From January 22-31, a delegation of the Nobel Women’s Initiative travels to Mexico, Honduras and Guatemala to meet with women’s rights defenders. This delegation of journalists, filmmakers, businesswomen and human rights activists is learning from women first-hand about the violence they experience. The team will learn of the unique strategies activists are using to end violence in their communities, and will team up with change makers to make a difference in the area.
I arrived in Mexico City on Saturday already worn out from a migraine and travel. As I rode in the car to the hotel I took in the sights while pondering why I was even there. I’m an academic and a blogger – why me? That night at dinner I started to understand.
During dinner we were briefed by human rights lawyers about the situation in Mexico and the women we would listen to over the next few days. Those of us in the US may think we know about the drug war. We see the headlines about kidnappings, beheadings and the lifestyles of drug lords. But we don’t know the full picture.
We needed to learn that it is not just that the drug war has gotten so violent that it has spilled out onto the streets, but rather that the Mexican government’s plan for winning the war on drugs is to send the army into the streets.
As we gathered to listen to women from different parts of Mexico at the University of Sor Juana, it was clear from the start that human rights, never mind freedom of speech, were the first casualties of the drug war. Mexico is the most dangerous place for journalists outside of Iraq. Women journalists have been murdered for writing about corruption and the impunity the army wields. One woman journalist was murdered and her body was left behind the newspaper’s office. On top of the overwhelming danger journalists — especially women journalists — face to get a story, they are then subjected to menial wages for their work. But they take the few hundred dollars a month because they know they must document what is happening.
Hearing and retelling stories is the mission of this delegation trip. We heard from mothers, sisters, nieces and representatives from organizations about the violence women face. Some organizations appear large, some were formed to address the disappearance of a few women. Maria, from Michoacán, came to tell us that nineteen young people have disappeared from her village — four of whom are her sons.
Yolanda detailed how families are left to search for loved ones on their own. She also discussed times when authorities not only ignore evidence, but destroy evidence and/or threaten the families to stop investigating.
Disappearances occur for many reasons, but the majority we heard about revolved around women and men who spoke out against injustice. A young woman from a family of bakers told of the murders of her family members, physical abuse and her own rape by authorities. Another young woman found the courage to speak of her parents’ disappearance that occurred just last month. She ended her testimony through tears with a plea for her mama to stay strong. Her parents crime? Organizing for environmental justice.
Fighting on behalf of farmers and land rights is another way to become one of the disappeared. At least two women spoke of a May 2006 incident in Atenco where women were arrested en masse, taken from their homes, and many were raped on the way to prison. Some were held in jail for 2-4 years. The women accuse a current candidate as being a responsible party to the atrocity.

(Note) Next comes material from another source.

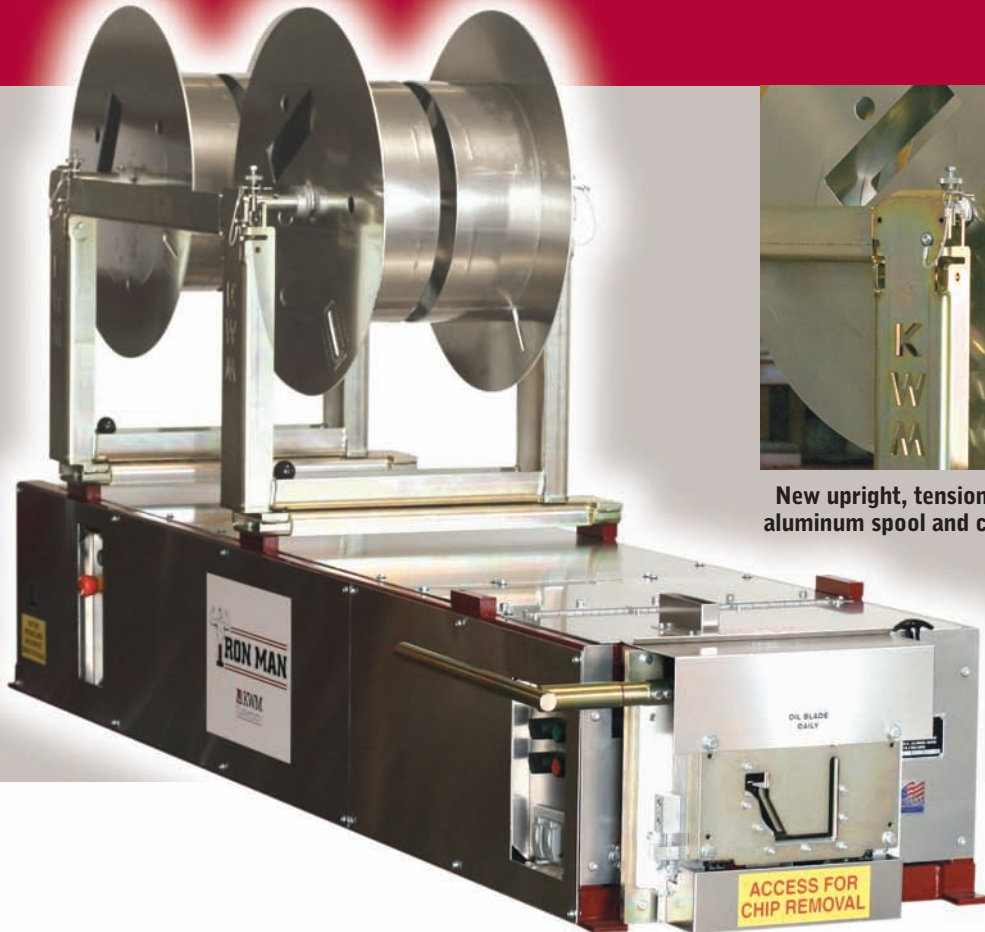
New upright, tension brake, aluminum spool and coil scale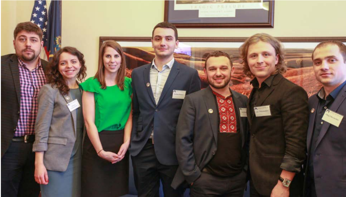
Government reform leaders from Ukraine meet with staff in the office of Rep. Kevin Yoder (KS-3). The group was hosted in Kansas City in March 2016 by Global Ties in Kansas City.

This is an election year for both Mexico and the United States. This fact scares the women even more. In Mexican election years, there is a power vacuum. The current rash of violence began shortly after President Calderón came into office. He entered as a weak president and under a cloud of voter fraud. His method of showcasing his power was to empower the army to take to the streets. His drug war plan is taken straight from the plan the US has been using since the Nixon administration – attack the supply, ignore treating demand. This is where the elections in the US come into play. The US sets the stage for how the drug war plays out elsewhere.
Many of us on the delegation worried about the safety of the women testifying. Should we use their real names? Was it safe for them to speak out? The women we heard from have not much else to lose. They need to speak out on this international stage. Stories. It all comes down to stories. While some of the women spoke so fast our interpreters could barely keep up, we got the message. The government is failing the people of Mexico and hopefully the light we shine this week will help. But only if their stories are heard and retold.